Apalagi, kata Bambang, secara administrasi kursi parlemen, PDIP sudah melampaui jauh dari batas yang ditentukan.

"Begini, syarat untuk mendaftar itu secara administratif ada 20 persen kursi [di parlemen]. Kalau 20 persen kursi hanya 9 [kursi], PDIP di Solo 30 kursinya," kata Bambang saat ditemui di DPR RI, Senin (10/2/2020) pagi.

"Artinya sudah sangat kuat kami untuk mencalonkan sendiri. Sudah lebih dari separuh," imbuhnya.

Kendati demikian, PDIP tetap membuka kemungkinan jika partai lain ingin bergabung untuk mendukung pasangan calon yang diusung PDIP. Namun, kebijakan tetap ada di tangan PDIP.

"Kalau partai lain mau ikut ya monggo. Tetapi buat kebijakan penentuan calon wali kota dan calon wakil wali kota Solo PDIP punya strategi sendiri. Bahwa kemudian strategi Kota Solo ini diterima oleh partai lain dan ikut mendukung ya monggo," katanya.

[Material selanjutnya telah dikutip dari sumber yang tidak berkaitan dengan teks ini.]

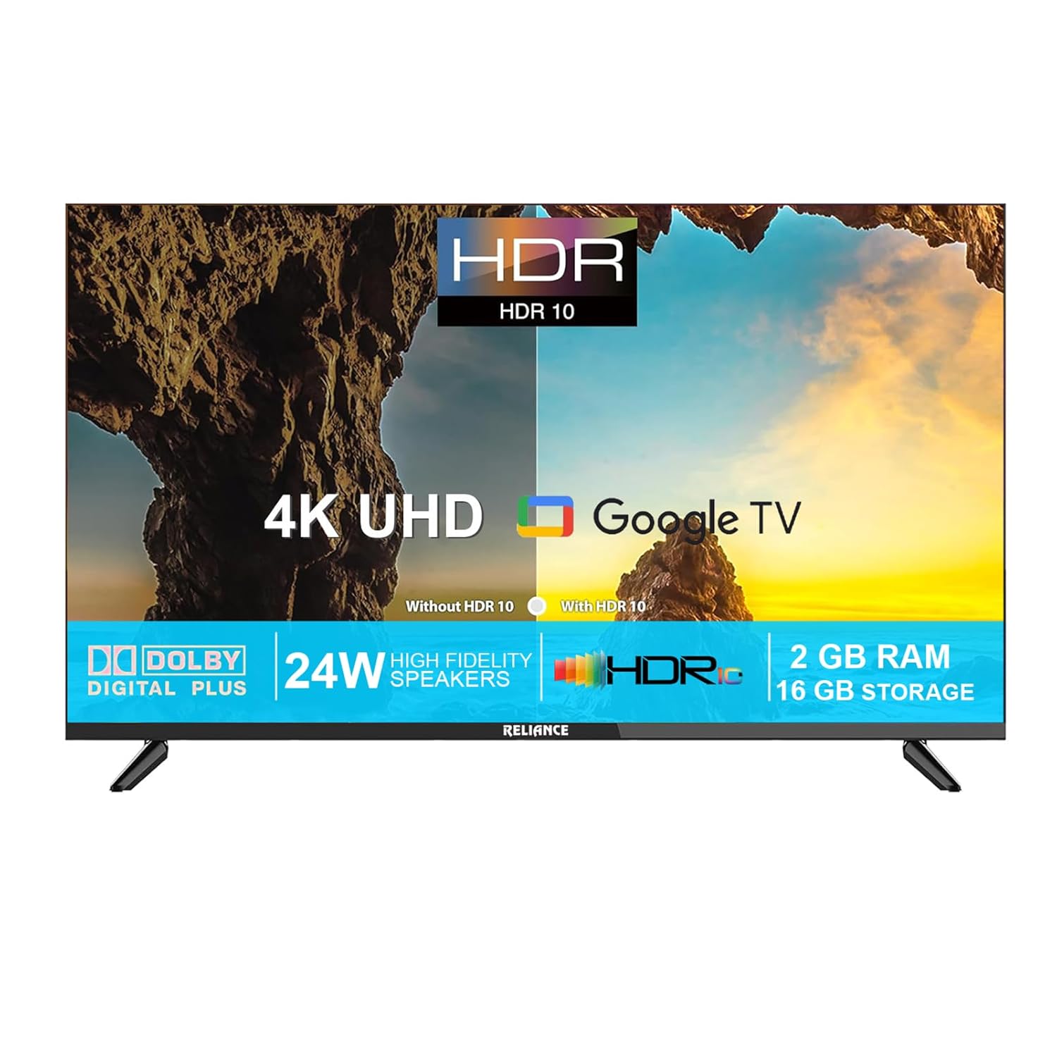 Reliance 43 inch Ultra HD 4K Smart LED Google TV | Frameless Design, 16GB Storage, Voice Remote | Netflix, JioCinema, Disney+ Hotstar | RW43GD8676UHD (Black)

Hari ini, Senin (10/2/2020) DPP PDIP mengadakan uji kelayakan (fit and proper test) untuk tiga orang kader PDIP yang akan maju ke dalam kontestasi Pilwalkot Solo 2020 mendatang. Ketiganya adalah Gibran Rakabuming Raka, Achmad Purnomo, dan Teguh Prakosa.

"Soal fit and proper test itu adalah standar. Kalau bertanya soal dipanggilnya Cawalkot Solo, iya, bakal calon. Itu nanti akan hadir Mas Gibran, Pak Purnomo, dan Mas Teguh. Jadi tiga orang. Itulah fit and proper yang akan dijalani. Untuk equal treatment aja, semua akan jalani," kata Bambang.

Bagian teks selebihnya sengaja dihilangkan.